GC `$alloc` grows memory by only 1 page — large single allocations trap

[aallan]

Bug

$alloc in vera/codegen/assembly.py grows memory by exactly 1 WASM page (64 KB) when the requested total exceeds current memory size, without checking whether 1 page is enough. If the requested allocation is more than ~64 KB larger than current free heap space, the fall-through bump-allocate writes past memory.size, triggering a WASM out of bounds memory access trap.

Reproducer

After #484 lands (raising the 16-bit size-field ceiling), this reproduces with any ≥50 K-element Int array operation:

source = '''
public fn main(-> @Int)
  requires(true) ensures(true) effects(pure)
{
  let @Array<Int> = array_range(0, 50000);
  let @Array<Int> = array_map(@Array<Int>.0, fn(@Int -> @Int) effects(pure) { @Int.0 + 1 });
  @Array<Int>.0[49999]
}
'''
assert _run(source, fn='main') == 50000   # traps: memory fault at wasm address 0x20000

Each array is 400 KB; two of them need ~800 KB total.

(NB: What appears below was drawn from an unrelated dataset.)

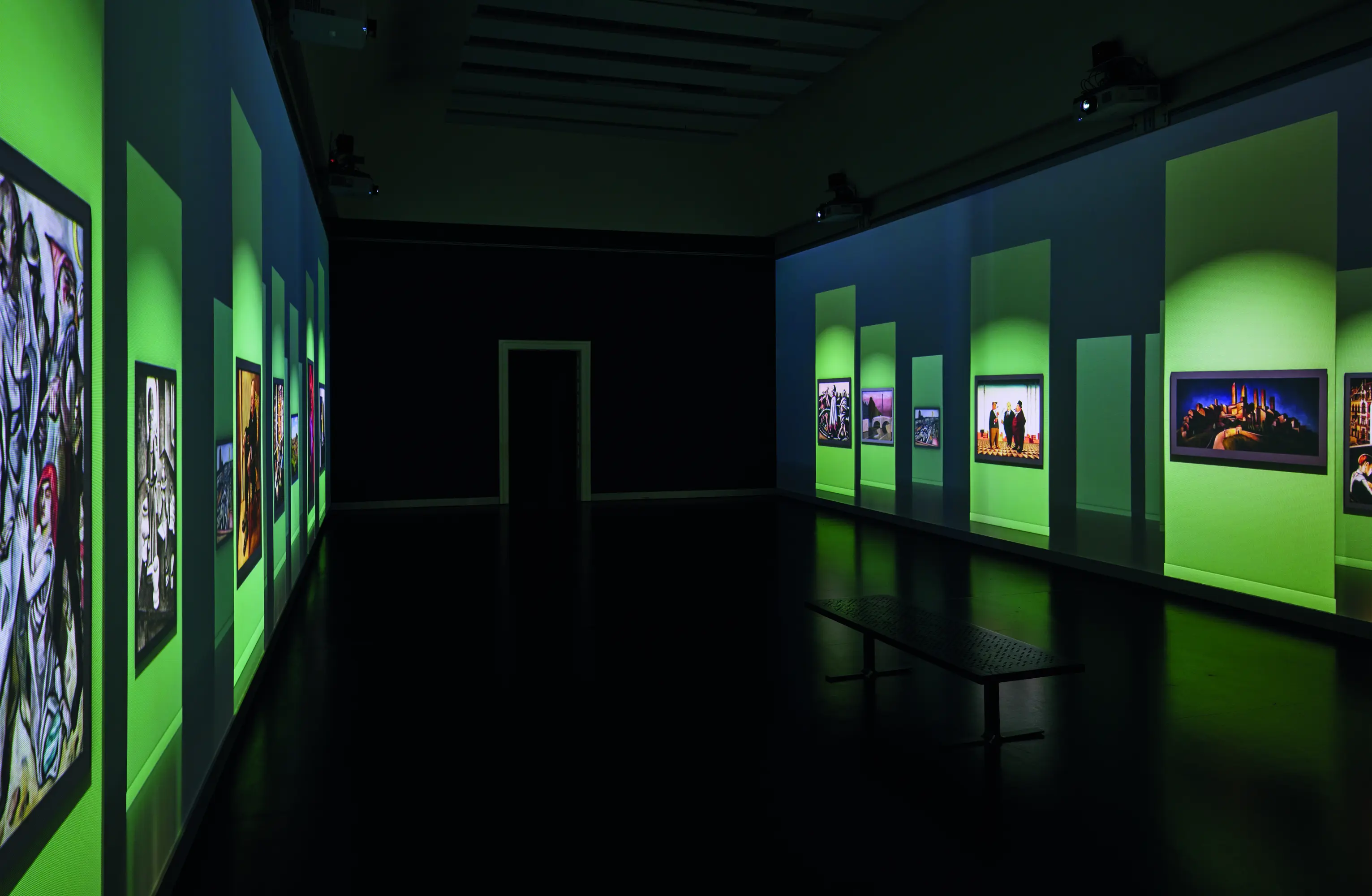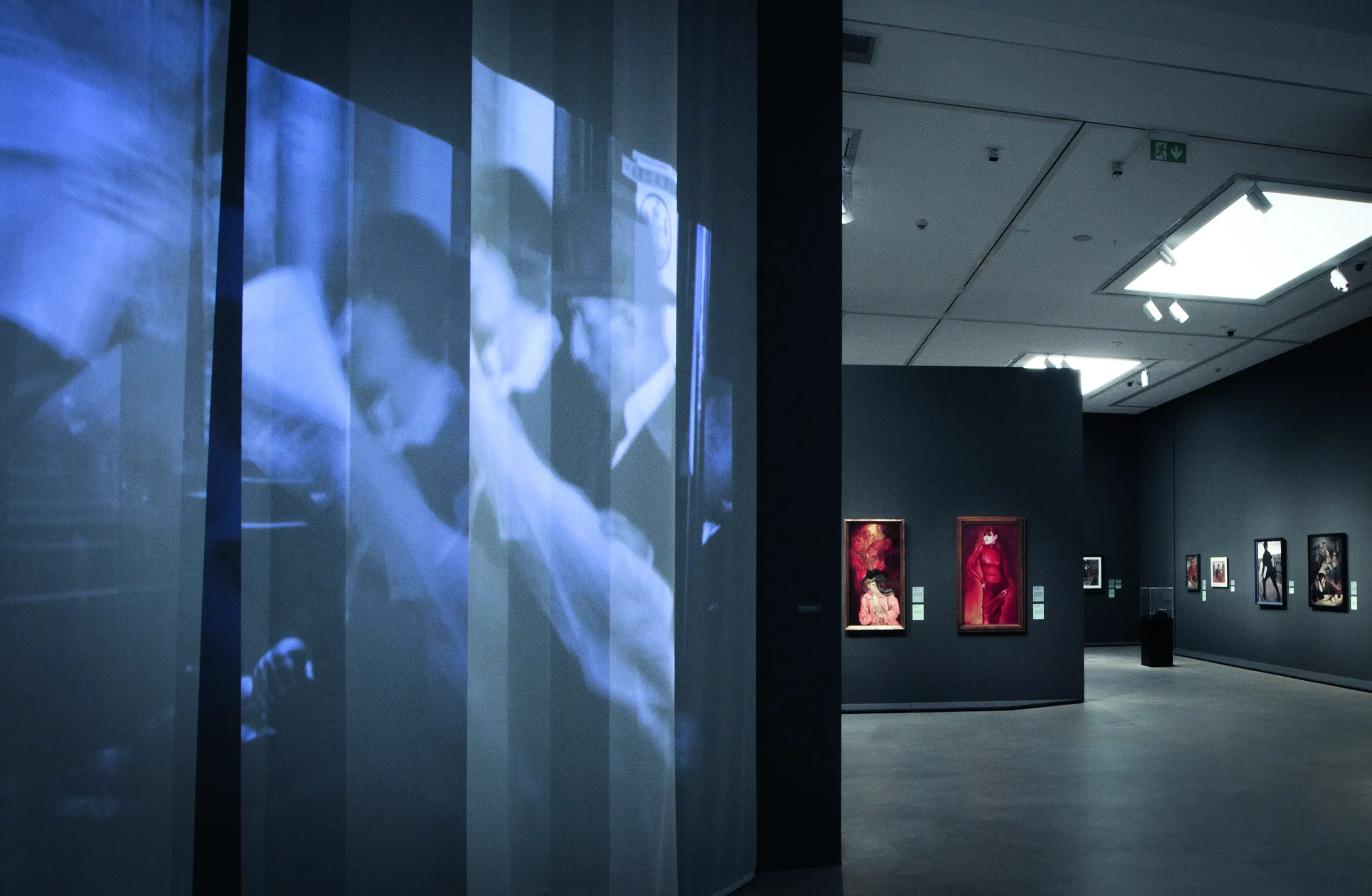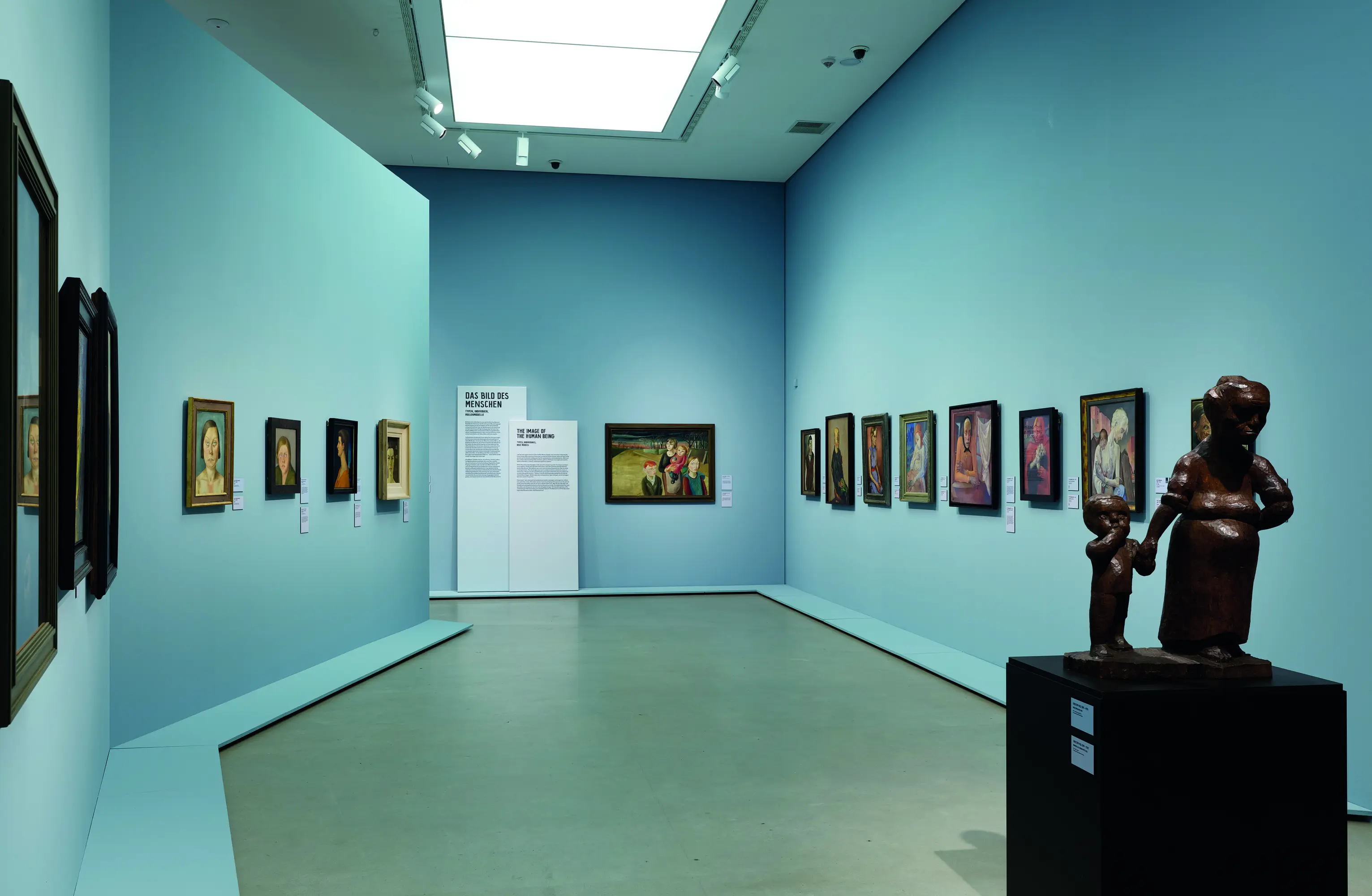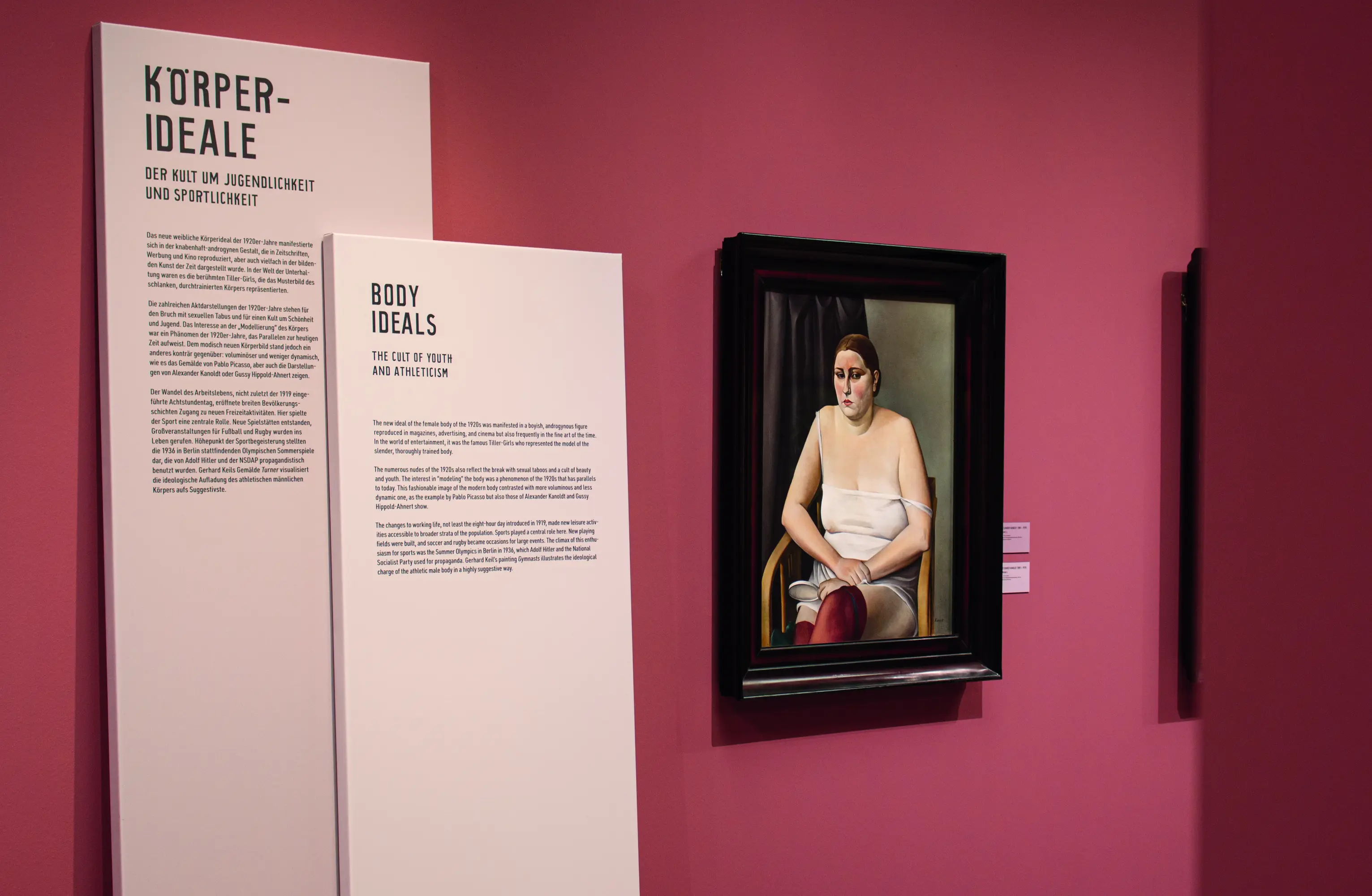 The scenography aesthetically transports visitors back to the era of New Objectivity. Inspired by the asymmetrical perspectives of many artworks, the spatial structuring elements are also arranged non-orthogonally; canvas frames leaning against the walls with informational texts suggest fragmentation and structure the image sequences. Targeted colour accents organize the spaces. A custom typeface was also developed, based on the original 1925 poster. Video projections on translucent fabric panels create dreamlike glimpses into the 1920s. One room with immersive animations brings the lost original exhibition back to life.

Initial memory is 2 pages (128 KB). First allocation forces grow to 3 pages; second allocation asks for 400 KB but only +1 page (256 KB total) gets grown, leaving us 144 KB short. The code then bump-allocates anyway and WASM traps.

Location

vera/codegen/assembly.py around lines 454-470 (in $alloc):

    ;; Still OOM — grow memory
    global.get $heap_ptr
    local.get $total
    i32.add
    memory.size
    i32.const 16
    i32.shl
    i32.gt_u
    if
      i32.const 1          ;; <-- only grows by 1 page, regardless of how many needed
      memory.grow
      i32.const -1
      i32.eq
      if
        unreachable
      end
    end

Fix

Compute the number of pages needed and grow by that many. Sketch:

    ;; pages_needed = ceil((heap_ptr + total - memory.size*65536) / 65536)
    global.get $heap_ptr
    local.get $total
    i32.add
    memory.size
    i32.const 16
    i32.shl
    i32.sub                ;; shortage in bytes
    i32.const 65535
    i32.add                ;; + (page-1) for ceiling
    i32.const 16
    i32.shr_u              ;; / page_size
    memory.grow
    i32.const -1
    i32.eq
    if
      unreachable
    end

Alternative: keep the 1-page grow but wrap it in a loop that re-checks. The compute-pages variant is simpler and avoids repeated GC cycles.

Impact

• Blocks large single allocations (≥ ~64 KB more than current free space).
• Stays latent until GC object header size field is 16-bit — allocations >65535 bytes corrupt memory #484 lands because today's 16-bit size cap (GC object header size field is 16-bit — allocations >65535 bytes corrupt memory #484) blocks those allocations upstream with a different, wronger symptom.
• Pure codegen fix in one place; no user-facing API change.